Em 1990, “Conduzindo Miss Daisy” foi o único filme da “era contemporânea do Oscar” -com prêmios de crítica e sindicatos estabelecidos e com um marketing já bem próximo do que existe hoje- a ganhar o prêmio de melhor filme sem ter seu diretor, Bruce Beresford, entre os finalistas. Mas o filme estrelado por Jessica Tandy não era o favorito. A vitória foi uma surpresa. Quase todo mundo apostava que “Nascido em Quatro de Julho”, drama de guerra de Oliver Stone, levasse o prêmio principal, o que deixa a disputa deste ano ainda mais particular.

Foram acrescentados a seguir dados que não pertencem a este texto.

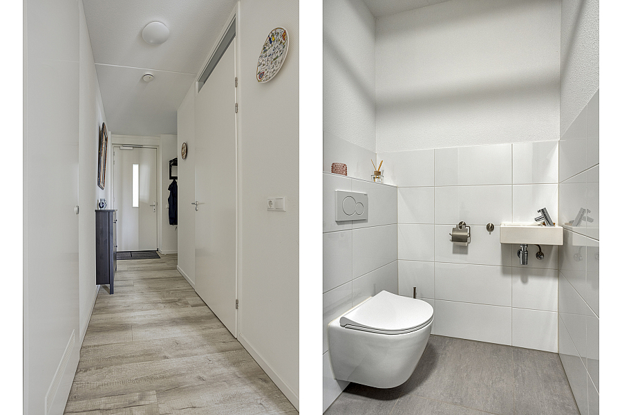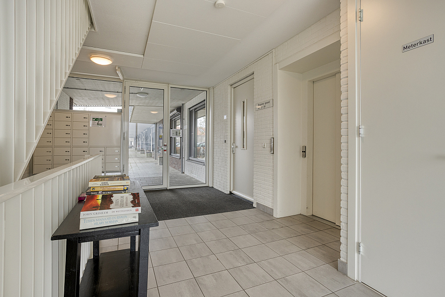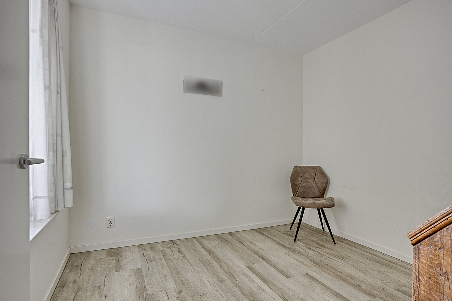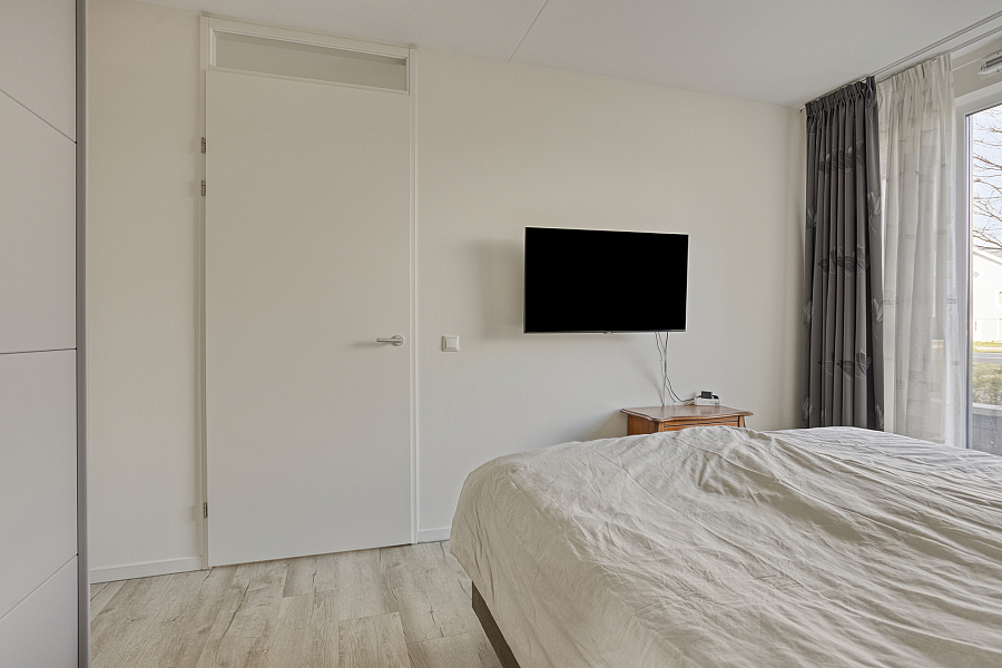 Het appartement beschikt over twee slaapkamers, ideaal als hoofdslaapkamer en bijvoorbeeld een werk- of logeerkamer. Daarnaast is er een praktische bijkeuken/berging met wasmachineaansluiting. De badkamer is netjes afgewerkt en voorzien van een douche, wastafel en tweede toilet.

A Academia tem duas opções bem claras neste ano: ou assume que não ter indicado Ben Affleck foi um lapso e segue a corrente, premiando “Argo”, ou ignora a polêmica, renega sua própria decisão de não indicar Affleck e elege um outro filme, que pode ser “Lincoln”, “O Lado Bom da Vida” ou “As Aventuras de Pi”, com Spielberg levando vantagem.

Embora, na prática, não tenha que dar satisfações a ninguém, a Academia pode se ver acuada no meio do atual contexto. Optar por um filme em detrimento de um franco favorito pode ser visto como uma opção menos “nobre” ou até entrar pros erros históricos da Academia. As próximas semanas serão fundamentais para a decisão dos integrantes da Academia. Cada capítulo será saboroso para quem acompanha a corrida do Oscar.